AI researchers at Microsoft accidentally leaked 38TB of company data

This post was originally published on this site

https://content.fortune.com/wp-content/uploads/2023/09/GettyImages-1195300888-e1695141476853.jpg?w=2048

The AI team, which was uploading training data to let other researchers train AI models for image recognition, accidentally exposed the data, which included “secrets, private keys, passwords, and over 30,000 internal Microsoft Teams messages,” according to cloud security platform Wiz, which first noticed the data exposure.

Microsoft, in a report of its own about the leak, noted that “no customer data was exposed, and no other internal services were put at risk because of this issue” and there was no action required by those customers.

The link to the data that included the files was made using a feature in Azure called “SAS tokens,” which let users create sharable links. Wiz first discovered the access to the data on June 22 and alerted Microsoft. The token was revoked the next day and Microsoft says it has fixed the issue and adjusted SAS tokens that are more permissive than intended.

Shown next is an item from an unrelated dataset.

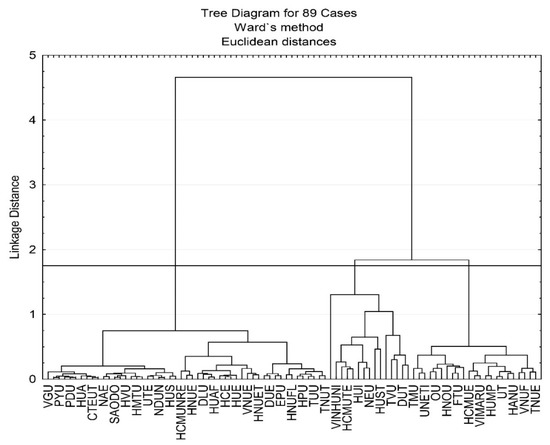 Cluster A1: TNUT, TNUEB, TNUS, TNICTU, HVU, TTU, HNUFL, HNUET, HNUE, VNUE, TUU, EPU, NDUN, HUP, UHD, HPU, HLUV, HNPU, HMTU, HUHA, SAODO, UFBA, HUE, HUS, HUAF, HUFL, HCE, HUA, HDU, NAE, DUE, UED, UFL, UTE, DNUMTP, PDU, PYU, QNU, QNUFA, DLU, UIT, HCMULAW, BUH, HCMUNRE, HCMUC, VGU, BLU, DTHU, CTEUT, TGU, and MTU (51 universities). The group had the lowest performance of the 3 clusters. However, the group strengthens the conditions ensuring quality of training and, in particular, of maintaining academic and nonacademic staff.
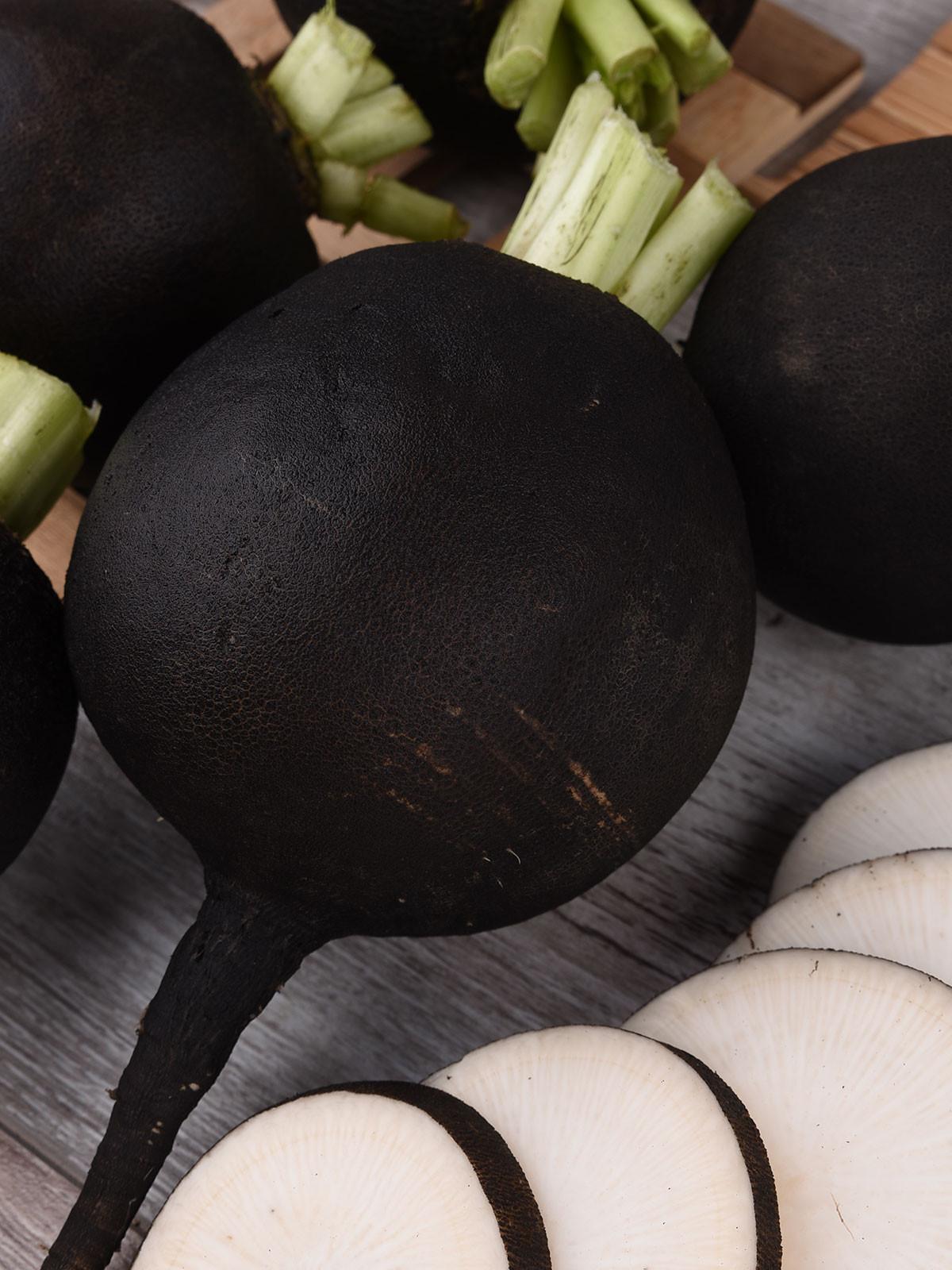 - Редька Зимняя круглая чёрная – сорт с корнеплодами остро-сладкого вкуса и лечебными свойствами.

“The information that was exposed consisted of information unique to two former Microsoft employees and these former employees’ workstations,” the company said. “No customer data was exposed, and no other Microsoft services were put at risk because of this issue. Customers do not need to take any additional action to remain secure. Like any secret, SAS tokens need to be created and handled appropriately. As always, we highly encourage customers to follow our best practices when using SAS tokens to minimize the risk of unintended access or abuse.”

Wiz cautioned that these sorts of mistakes could become more common as AI is trained and used more often.

“This case is an example of the new risks organizations face when starting to leverage the power of AI more broadly, as more of their engineers now work with massive amounts of training data,” the group wrote. “As data scientists and engineers race to bring new AI solutions to production, the massive amounts of data they handle require additional security checks and safeguards.”